### WHAT IS NEEDED
When you reach the line that contains "why we lost.’", please begin copying, and carry on exactly to the last line of the material, leaving out every picture.

### DATASET SECTION
++++++

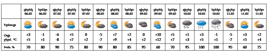 Երևան քաղաքում փետրվարի 6-ի ցերեկը, 7-9-ը, 11-ին սպասվում է առանց տեղումների եղանակ: Փետրվարի 10-ին սպասվում են տեղումներ:
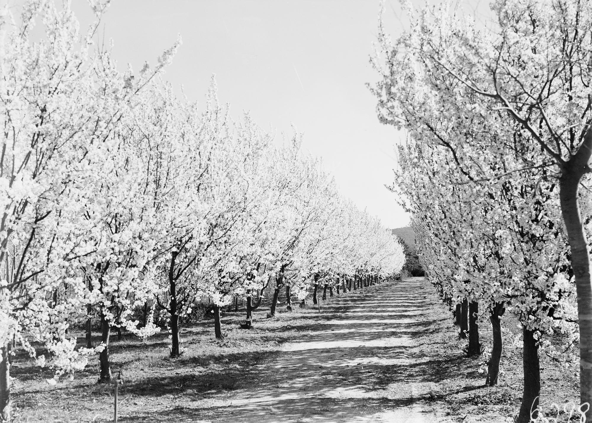 Flowering peach trees in bloom, Yarralumla Nursery.
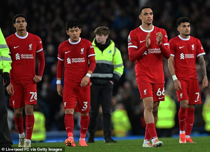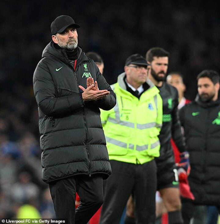 ‘I don’t know [if we’re still in the race],' Klopp admitted after the Merseyside derby. 'I can only apologise to the people. Everybody who is with us knows how hard this is for us as well, but I know for other people it’s especially hard. So we should have done better but we didn’t and that’s why we lost.’
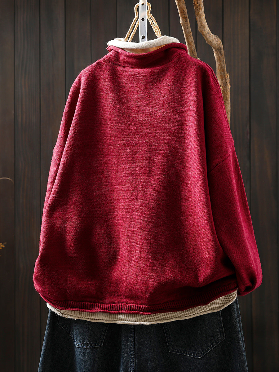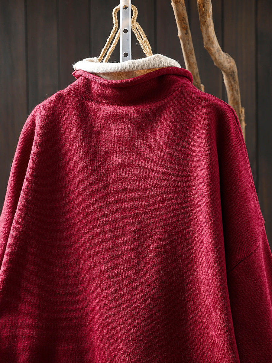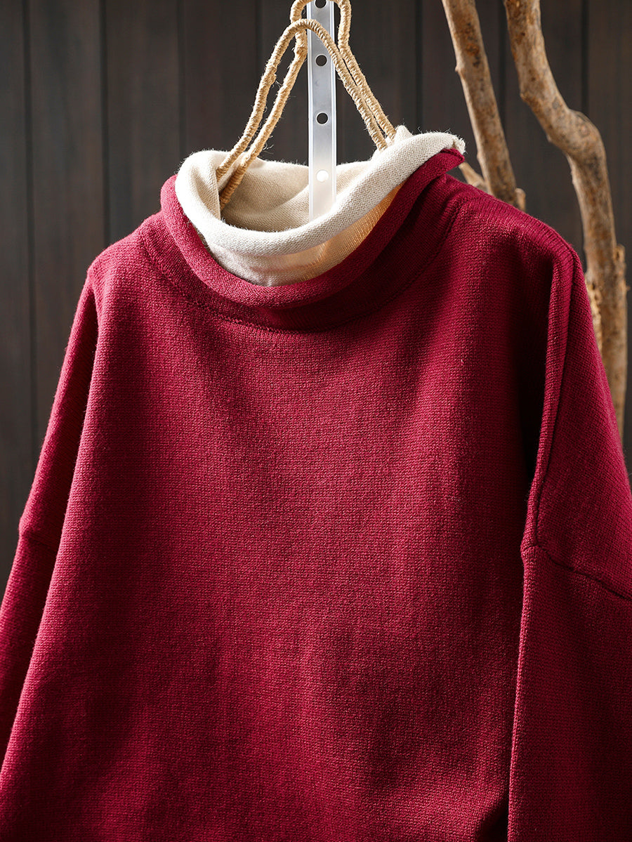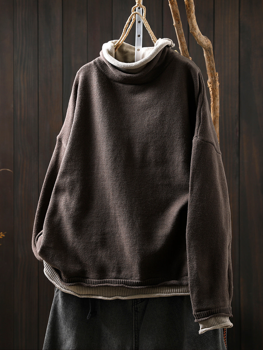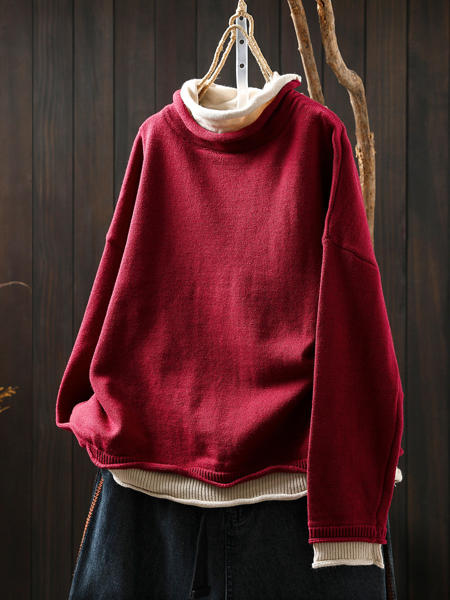 女士秋季藝術風假兩件式高領毛衣

++++++

### YOUR SOLUTION
 ‘I don’t know [if we’re still in the race],' Klopp admitted after the Merseyside derby. 'I can only apologise to the people. Everybody who is with us knows how hard this is for us as well, but I know for other people it’s especially hard. So we should have done better but we didn’t and that’s why we lost.’
 女士秋季藝術風假兩件式高領毛衣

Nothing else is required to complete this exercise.